In-article:

what if, in 2023, the key to the crisis was in the Middle East?

Lhe strategic short-sightedness of Western leaders, first and foremost Barack Obama, has long enabled Vladimir Putin to consolidate, from Syria, a new balance of power of which Ukraine has fundamentally been the victim. This is how the White House’s pushback after the chemical weapons bombardment of Damascus suburbs in August 2013 convinced the Kremlin that reactions to the annexation of Crimea six months later would indeed be limited. .

It is therefore in Syria that the operational partnership between Russia and Iran has been transformed into a genuine alliance, with the development of combat drones now massively used against Ukraine. This Middle Eastern dimension must imperatively be taken into account in the analysis of the current crisis, under penalty of leaving Moscow to play alone on the two European and Levantine tables.

Get Israel out of the Russian trap

Benyamin Netanyahu, back in power in Israel after serving as prime minister from 2009 to 2021, has consistently chosen to rely on Russia to contain Iran’s influence in Syria. He considered that the Russian forces, directly engaged in Syria in September 2015, were the only ones capable of curbing the activism of the Iranian Revolutionary Guards and their affiliated militias, including Hezbollah. It is in this spirit that Netanyahu cultivated his personal relationship with Putin, interacting regularly with him, until the consecration of his invitation to Red Square on May 9, 2018, for the military parade commemorating the 1945 victory. Israel however, had to note that the Russian contingent in Syria, far from opposing Iranian intrigues, tolerated them, even encouraged them. The Israeli army was even forced to destroy in Syria drones of Israeli design whose license had been ceded to Russia, but which proved to protect movements linked to Iran.

Putin, an experienced arsonist firefighter, has thus fueled an Iranian threat in Syria which allows him to maintain indirect but continuous pressure on Israel. Only the Russian army can indeed authorize the Israeli raids in Syria, themselves essential to contain the Iranian aims on the northern border of Israel. The Russian trap has since closed on Israel, which has justified its refusal to deliver any military equipment to Ukraine by the priority given to its relationship with Moscow.

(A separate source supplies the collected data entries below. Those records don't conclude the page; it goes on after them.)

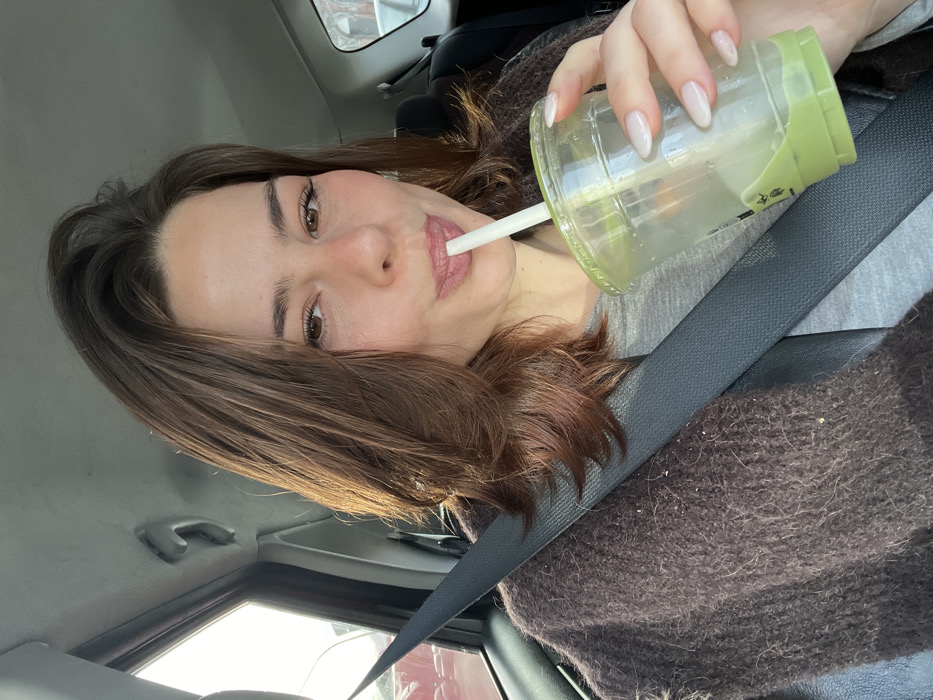 A female individual is depicted in the front passenger seat of a vehicle in Tourcoing, France. She has brown, shoulder-length hair and is looking directly at the camera. She is wearing a grey shirt under a dark brown, fuzzy cardigan, with a dark seatbelt secured across her right shoulder and chest. Her lips are pursed around a white plastic straw, from which she is drinking a green liquid contained in a partially consumed clear plastic cup with a green base and lid. The cup is held in her left hand, which displays manicured nails with light, translucent polish. Natural light illuminates the scene from the left side of the vehicle. The interior features a light-colored headliner and dark trim. The background visible through the vehicle windows is blurred, showing indistinct urban elements, including hints of red objects on the left and structural forms on the right.
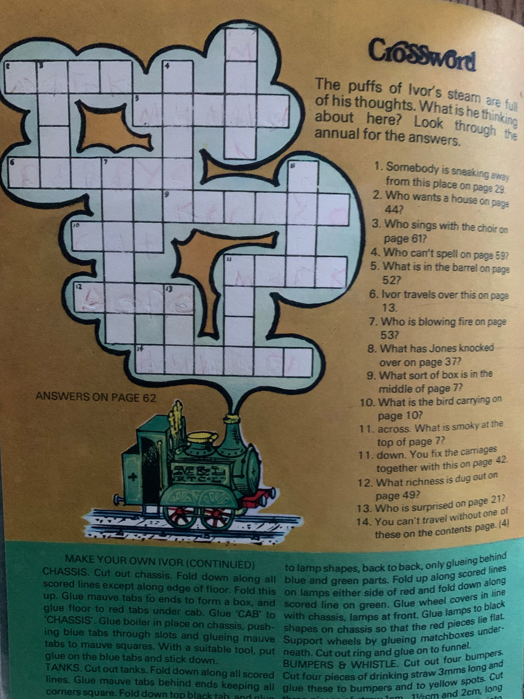 Internally, the two colouring pages have been completed in colour pencils and subsequently erased as has the crossword puzzle. One of the engines has been coloured on page 54.
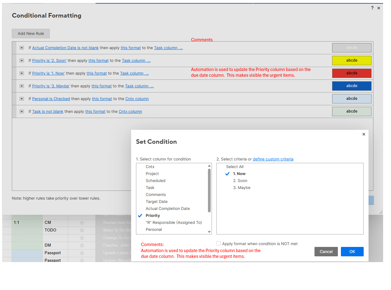When creating conditional formatting, it would be helpful to have a Comments field where you could add context on what the formatting is indicating, and why it is doing it. This is helpful when you have multiple people that manage the conditional formatting.
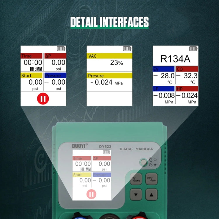 DUOYI DY523 Automotive Vacuum Pressure Gauge Liquid Charge Fluorine Repair Electronic Refrigerant Meter, 2pcs / Set, 11pcs / Set
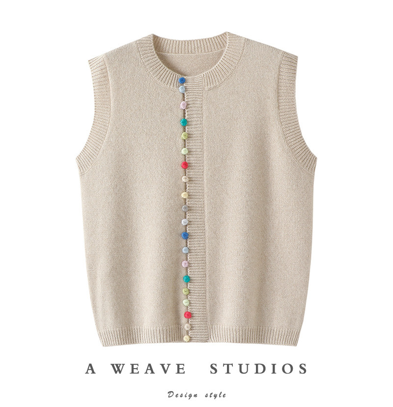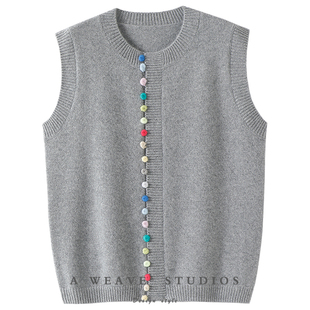 好穿 外套坎肩 纯手工彩虹扣加厚羊绒背心马甲纯羊绒毛衣针织开衫
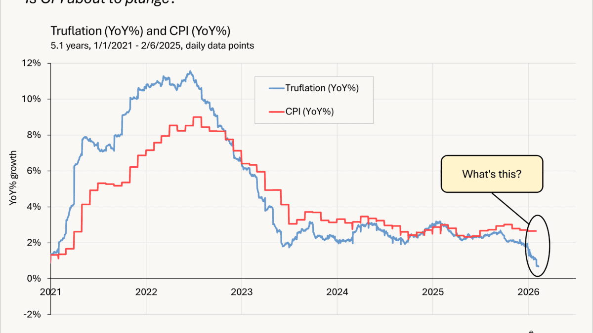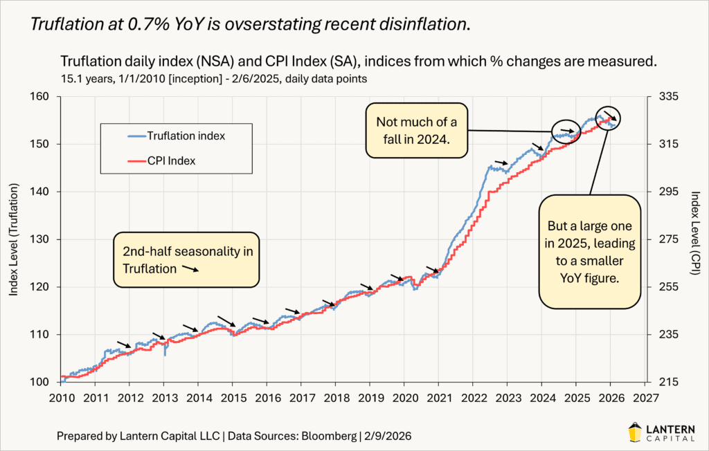 Unlike the CPI, Truflation isn’t seasonally adjusted. Theoretically, measuring a year-over year figure should nullify consistent seasonal effects, but they’ve been inconsistent over the last two years. The Truflation index has a consistent pattern of falling in the second half of the year from seasonality. You can see this in the black arrows in the chart below. Those second-half drawdowns vary somewhat over time, but average -0.8%. In 2024, there wasn’t much of a seasonal effect (-0.2%) versus a large one in 2025 (-1.0%). This discrepancy is creating a high base effect for Truflation’s YoY figure and lowering it. There is no way to precisely pinpoint the amount of the effect given all the moving parts, but Truflation is overstating disinflation.
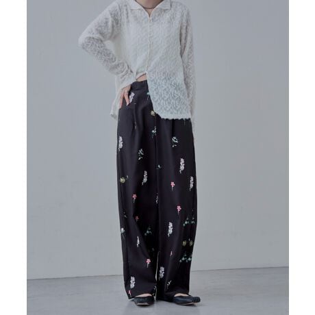 前面に施したタックでウエストはすっきりとしながらも、ワイドシルエットで腰回りのボリューム感をカバーしてくれる花柄パンツの登場です。
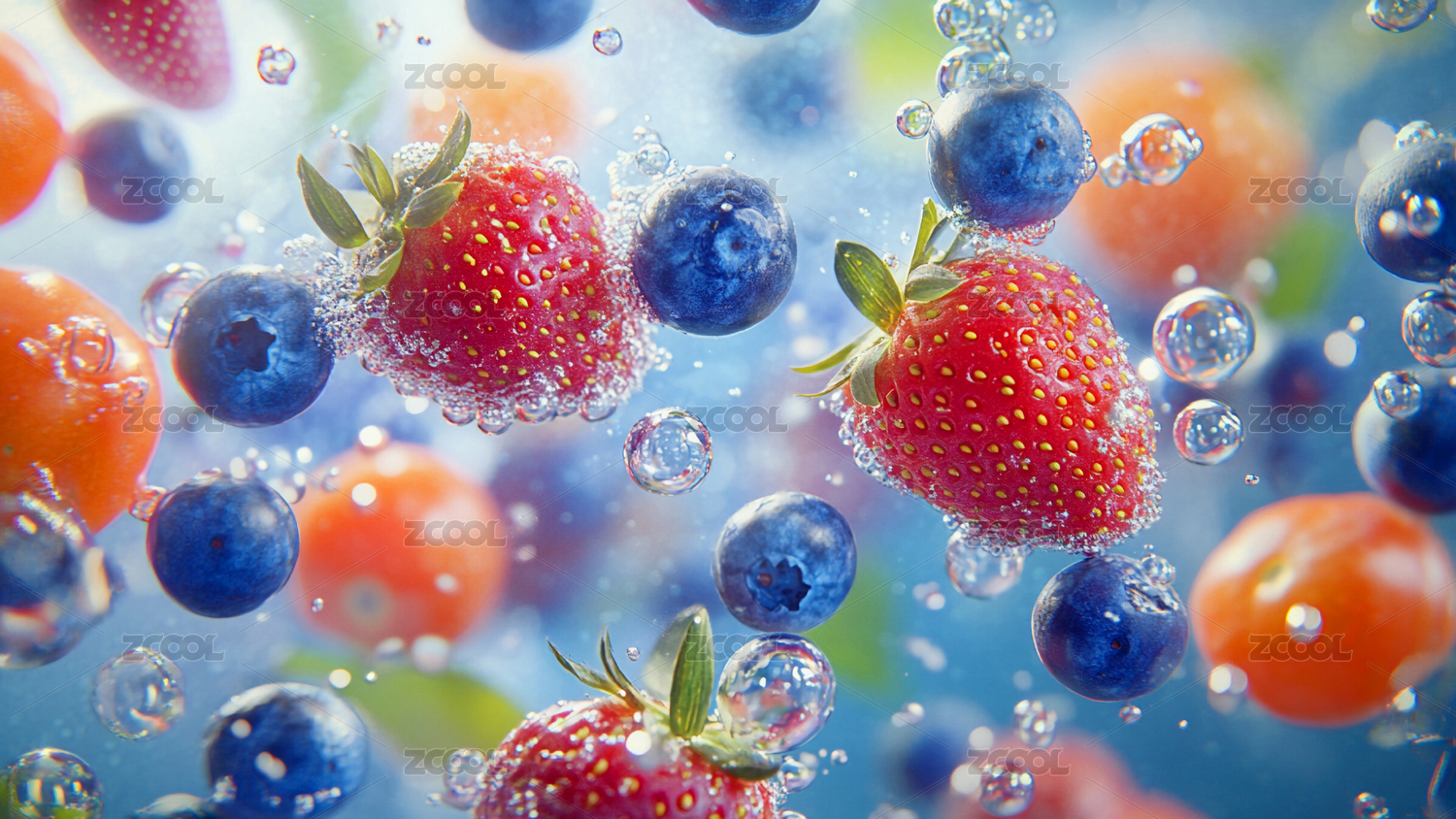 草莓,蓝莓,水果,浆果,新鲜,健康,水花,飞溅,清凉,夏季
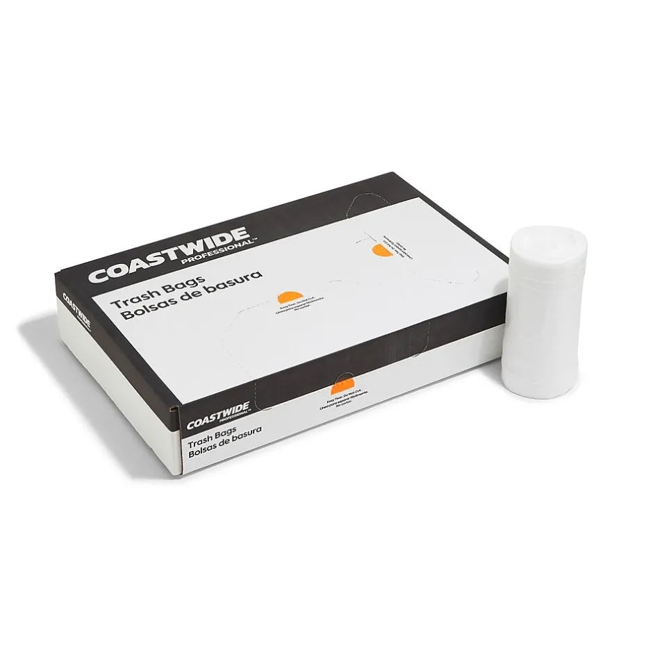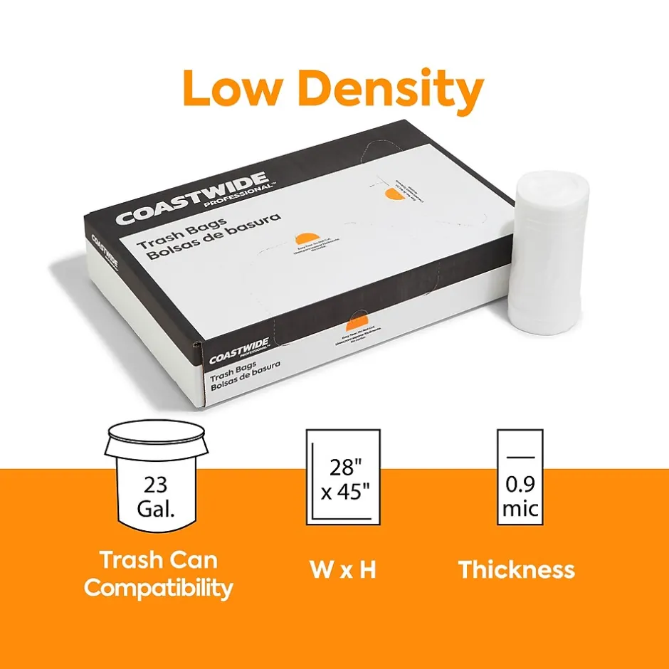 Get rid of refuse from the break room, washroom or other shared spaces with these AccuFit trash bags. The clear material delivers a view of the contents, helping prevent theft, while the low-density polyethylene prevents heavy items from stretching and ripping to avoid leaks, making them suitable for cafeterias and public areas. These Coastwide Professional™ AccuFit trash bags hold up to 23 gallons of waste as an effective maintenance solution.

Volodymyr Zelensky’s repeated appeals have gone unheeded, even as the Ukrainian president insists that his country and Israel are both threatened by Iran. Misunderstanding is gradually tinged with irritation in kyiv, where Israeli missile defense devices would be very valuable. Moreover, Israel did not take part in the recent international conference of solidarity with Ukraine in Paris.

Weakening the alliance between Moscow and Tehran

Contrary to Netanyahu’s bet, the stronger Russia is in Syria, the stronger its alliance with Iran. It is in Syria that the Iranian Shahed drones (“Martyred”) 136, which today sow terror in Ukraine, have been developed and continue, no doubt in part, to be produced. It is also from Syria that Putin can exercise fearsomely effective blackmail against his Turkish counterpart.

It would be enough for Moscow to launch an offensive against the pocket of Idlib which, in northwestern Syria, still escapes the authority of Assad, to cause the exodus of hundreds of thousands, even millions of refugees. to Turkey. President Erdogan, accused by the opposition of such a humanitarian catastrophe, would have the greatest difficulty in winning the general elections next June. Such pressure from Moscow on Ankara explains the limits of Turkish support for Ukraine, despite deliveries of Bayraktar TB2 drones, now produced locally.

It is obvious that if Israel and Turkey, as well as the United Arab Emirates, finally rallied to Western sanctions against Russia, these would hit the oligarchs closest to Putin the hardest. Two companies based in the Emirates have already been sanctioned by the United States for helping to deliver Iranian drones to Russian territory. And the fear is now serious of a delivery of Iranian missiles to Moscow, in order to reconstitute stocks there which have been very weakened by the waves of bombardments on Ukraine. Because it is indeed from the Middle East that the Kremlin continues to withdraw essential resources on the military, financial and political level. It is such resources that must be struck, or at least compromised, to hasten the end of the tragedy in Ukraine. Vast program, comment those who, a year earlier, did not even imagine a Russian invasion of Ukraine. A very beautiful subject of reflection, in any case, on this first day of 2023.